GlaxoSmithKline plc (LSE: GSK) today confirms that it made an offer to the Board of Directors of Human Genome Sciences (HGS, NASDAQ: HGSI) on 11th April proposing to acquire all of the outstanding shares of HGS for US$13.00 per share in cash, representing a 81 percent premium to yesterday’s closing share price. The letter sent to HGS detailing the offer is attached below.

Sir Andrew Witty, Chief Executive Officer of GSK, stated, “Having worked together with Human Genome Sciences for nearly 20 years, we believe there is clear strategic and financial logic to this combination for both companies and our respective shareholders – and that now is the appropriate time in the evolution of our relationship for our two companies to combine.

“This offer reflects full and fair value for Human Genome Sciences and the synergies inherent in this combination. It also eliminates substantial execution risk for Human Genome Sciences shareholders and delivers immediate and certain value that is superior to what we believe Human Genome Sciences can reasonably expect to create as a standalone company.

“The transaction is well aligned with our long-term strategy of delivering sustainable growth, simplifying GSK’s business model, enhancing R&D returns and deploying our capital with discipline. GSK is uniquely positioned to realize the full value of Benlysta, albiglutide, darapladib and Human Genome Sciences’s other assets for the benefit of physicians, patients and shareholders. Through complete ownership, we can simplify and optimize R&D, commercial and manufacturing operations to advance these products most effectively and efficiently while securing the full potential long-term value of the assets.

“We also expect to achieve at least $200 million in cost synergies to be fully realized by 2015 and expect the transaction to be earnings-accretive beginning in 2013. The transaction meets GSK’s strict financial criteria for acquisitions. GSK has also assessed the potential returns of this acquisition relative to its long-term share buyback program. As part of this ongoing program, GSK continues to expect to repurchase £1-2 billion in shares in 2012.”

Sir Andrew concluded, “We are disappointed that Human Genome Sciences has rejected our offer without discussion and are confident that our offer is in the best interest of shareholders of both companies.”

GSK has made regular and complete public announcements related to Benlysta, albiglutide and darapladib reflecting the positive progress being made with each of these assets. Detailed terms of the collaboration agreements with HGS are also in the public domain.

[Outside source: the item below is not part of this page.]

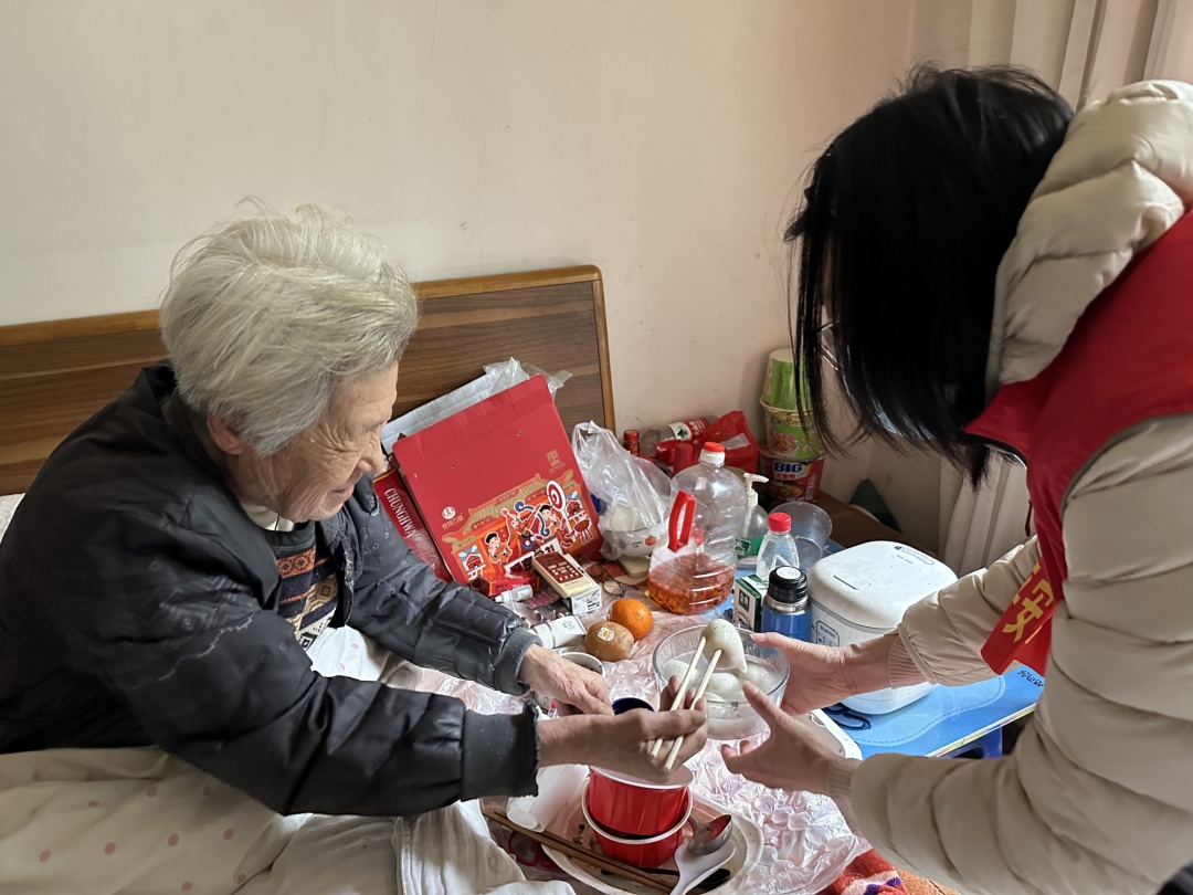 “今年春节,想到关奶奶一个人在家里,我们也想把节日欢乐喜庆氛围带进老人家中。”亭新党支部工作人员下厨为关奶奶送去了一桌“年夜饭”:有鱼有肉、有东北特色水饺、有上海特色小菜,南北美食融合,非常丰盛。志愿者们还帮忙打扫房间,贴上新春春联,热热闹闹,让奶奶在家里感受到新年气氛,感受到社区“家人”带来的温暖。

Lazard and Morgan Stanley are acting as financial advisors to GSK and Cleary Gottlieb Steen & Hamilton and Wachtell, Lipton, Rosen & Katz are providing legal advice.

Copy of letter sent to Thomas Watkins, CEO Human Genome Sciences

11 April 2012

Dear Tom

This letter follows up on our call earlier today, to formally convey to you the proposal for an acquisition of Human Genome Sciences, Inc. (“HGSI”) that I described in our conversation.

Under our proposal, which has been unanimously approved by our Board of Directors, GlaxoSmithKline plc (“GSK”) is prepared to offer $13 per share in cash for all of the outstanding shares of HGSI common stock. This price represents a 73% premium to the closing price of HGSI common stock of $7.53 on April 10, 2012, a premium of 66% to the thirty day trading average closing price of $7.83 and a premium of 58% to the ninety trading day average closing price of $8.23.

We believe this all-cash transaction is compelling for your shareholders and fully takes into account the value of Benlysta, albiglutide, darapladib and your other assets, as well as the synergies inherent in a business combination. Your shareholders would receive immediate liquidity at a substantial premium to the market’s assessment of HGSI’s value, without further exposure to the significant execution risk and uncertainty relating to achieving future growth and development of your products over many years. Our proposal would deliver immediate certain value to HGSI shareholders that is superior to what we believe you can reasonably expect to create as a standalone company.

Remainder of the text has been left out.